▶ _Source records_
[Start of section]
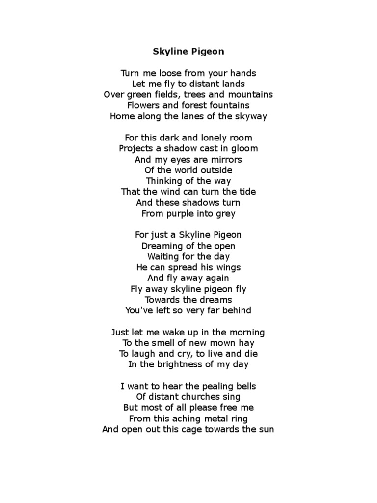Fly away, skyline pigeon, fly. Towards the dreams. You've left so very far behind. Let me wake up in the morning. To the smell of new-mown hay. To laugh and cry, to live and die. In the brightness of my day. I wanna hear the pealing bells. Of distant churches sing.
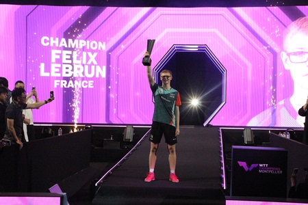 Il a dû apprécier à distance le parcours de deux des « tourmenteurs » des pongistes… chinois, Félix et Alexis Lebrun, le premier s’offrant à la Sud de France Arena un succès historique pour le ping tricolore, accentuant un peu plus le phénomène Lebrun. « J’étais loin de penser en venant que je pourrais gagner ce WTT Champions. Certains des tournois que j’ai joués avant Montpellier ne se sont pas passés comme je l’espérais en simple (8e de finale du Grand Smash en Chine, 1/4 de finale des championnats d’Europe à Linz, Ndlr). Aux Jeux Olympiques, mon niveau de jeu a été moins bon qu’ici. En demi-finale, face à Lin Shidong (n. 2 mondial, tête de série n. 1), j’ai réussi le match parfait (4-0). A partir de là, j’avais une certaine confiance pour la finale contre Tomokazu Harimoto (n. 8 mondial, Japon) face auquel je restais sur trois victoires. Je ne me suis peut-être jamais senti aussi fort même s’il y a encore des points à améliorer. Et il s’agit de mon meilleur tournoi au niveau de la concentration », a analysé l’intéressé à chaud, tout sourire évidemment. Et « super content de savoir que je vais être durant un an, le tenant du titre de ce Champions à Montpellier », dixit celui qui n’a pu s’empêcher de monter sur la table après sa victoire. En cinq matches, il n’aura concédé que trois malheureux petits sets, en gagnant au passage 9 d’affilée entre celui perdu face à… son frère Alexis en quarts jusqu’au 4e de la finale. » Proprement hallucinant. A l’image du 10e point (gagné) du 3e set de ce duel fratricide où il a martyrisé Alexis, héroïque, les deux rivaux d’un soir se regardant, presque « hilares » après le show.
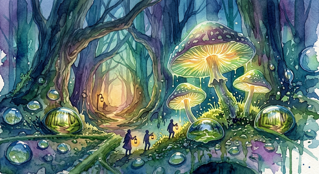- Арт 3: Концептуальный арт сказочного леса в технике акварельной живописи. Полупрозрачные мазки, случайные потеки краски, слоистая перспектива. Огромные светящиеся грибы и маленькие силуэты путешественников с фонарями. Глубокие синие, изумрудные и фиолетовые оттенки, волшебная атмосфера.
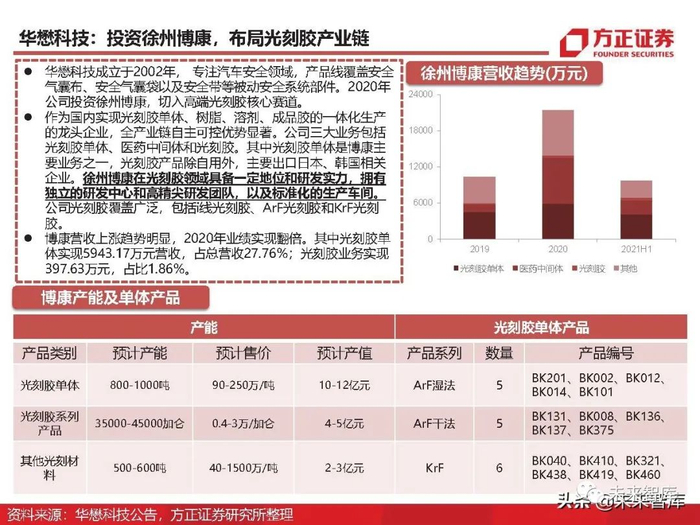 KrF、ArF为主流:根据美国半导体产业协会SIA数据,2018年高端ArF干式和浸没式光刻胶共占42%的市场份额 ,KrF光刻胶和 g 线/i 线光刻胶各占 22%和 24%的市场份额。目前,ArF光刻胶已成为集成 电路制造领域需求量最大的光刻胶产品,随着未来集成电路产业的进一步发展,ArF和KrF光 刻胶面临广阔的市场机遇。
[End of section]
[Start of section]
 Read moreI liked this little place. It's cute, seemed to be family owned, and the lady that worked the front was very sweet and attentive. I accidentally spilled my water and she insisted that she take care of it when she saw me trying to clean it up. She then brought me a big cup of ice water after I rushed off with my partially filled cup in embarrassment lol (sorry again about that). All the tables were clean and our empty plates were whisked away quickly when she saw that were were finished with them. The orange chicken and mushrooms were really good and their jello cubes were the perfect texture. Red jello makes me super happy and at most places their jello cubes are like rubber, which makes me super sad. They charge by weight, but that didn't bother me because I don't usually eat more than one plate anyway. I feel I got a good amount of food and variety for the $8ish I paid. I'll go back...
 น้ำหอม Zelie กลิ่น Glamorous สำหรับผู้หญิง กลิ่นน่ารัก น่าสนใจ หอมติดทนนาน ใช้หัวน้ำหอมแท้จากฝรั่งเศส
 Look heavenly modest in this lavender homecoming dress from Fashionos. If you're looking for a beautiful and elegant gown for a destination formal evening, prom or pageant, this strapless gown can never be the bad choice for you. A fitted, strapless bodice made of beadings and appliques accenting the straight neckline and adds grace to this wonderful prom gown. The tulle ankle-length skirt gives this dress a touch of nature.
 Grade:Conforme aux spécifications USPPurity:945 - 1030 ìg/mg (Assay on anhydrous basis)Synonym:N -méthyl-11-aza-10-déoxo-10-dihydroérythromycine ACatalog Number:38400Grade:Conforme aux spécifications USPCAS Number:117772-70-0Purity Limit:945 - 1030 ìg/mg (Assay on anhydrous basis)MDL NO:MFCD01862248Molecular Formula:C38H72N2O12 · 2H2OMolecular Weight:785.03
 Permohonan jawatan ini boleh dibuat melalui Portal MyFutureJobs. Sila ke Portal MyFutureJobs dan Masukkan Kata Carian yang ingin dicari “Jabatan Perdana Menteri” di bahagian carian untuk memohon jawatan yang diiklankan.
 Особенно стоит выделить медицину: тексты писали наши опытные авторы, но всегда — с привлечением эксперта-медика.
[End of section]
[Start of section]
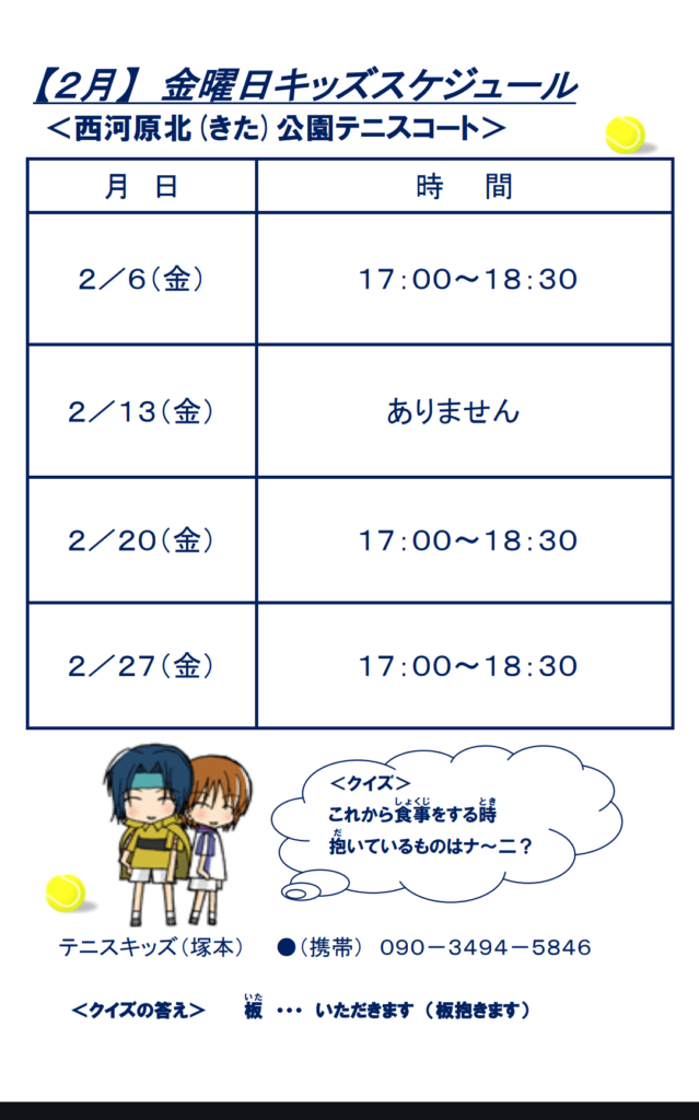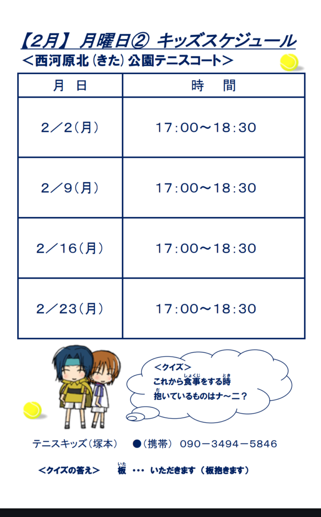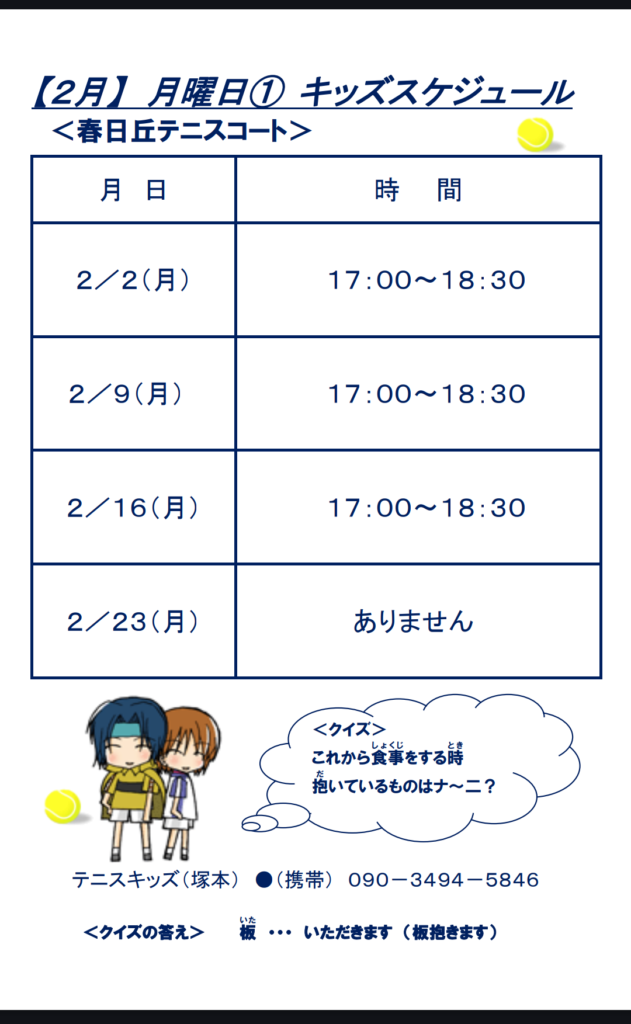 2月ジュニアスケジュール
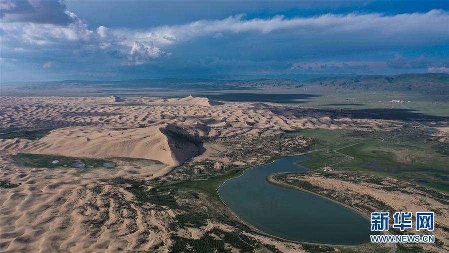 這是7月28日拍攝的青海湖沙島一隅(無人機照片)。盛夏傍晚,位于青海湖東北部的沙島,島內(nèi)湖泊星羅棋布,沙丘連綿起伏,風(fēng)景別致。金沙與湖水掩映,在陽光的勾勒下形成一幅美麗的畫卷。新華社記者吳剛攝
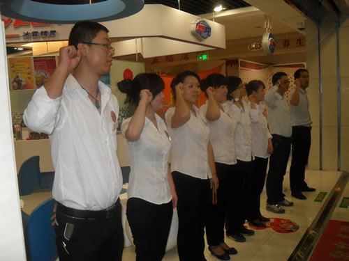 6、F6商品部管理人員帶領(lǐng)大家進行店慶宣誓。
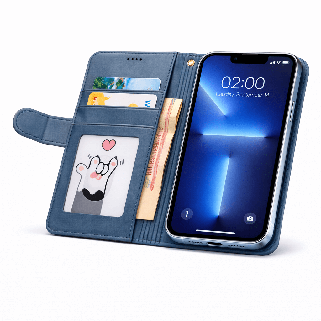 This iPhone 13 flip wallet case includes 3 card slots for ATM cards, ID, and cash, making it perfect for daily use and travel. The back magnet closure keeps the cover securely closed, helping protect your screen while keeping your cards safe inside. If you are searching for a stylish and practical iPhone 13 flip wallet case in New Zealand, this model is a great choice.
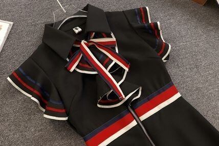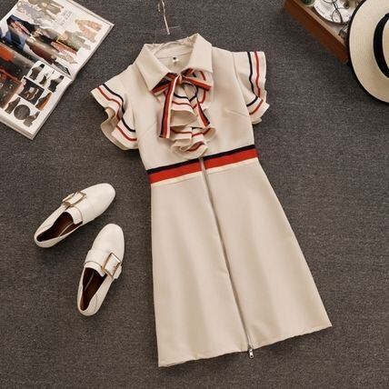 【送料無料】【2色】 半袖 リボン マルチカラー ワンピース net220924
[End of section]
▶ _What you have to do_
Starting at the line above that contains "Permohonan jawatan ini", write out each line exactly until the line that contains "Особенно стоит выделить" has been written, and stop there.

▶ _Output for this task_
 Permohonan jawatan ini boleh dibuat melalui Portal MyFutureJobs. Sila ke Portal MyFutureJobs dan Masukkan Kata Carian yang ingin dicari “Jabatan Perdana Menteri” di bahagian carian untuk memohon jawatan yang diiklankan.
 Особенно стоит выделить медицину: тексты писали наши опытные авторы, но всегда — с привлечением эксперта-медика.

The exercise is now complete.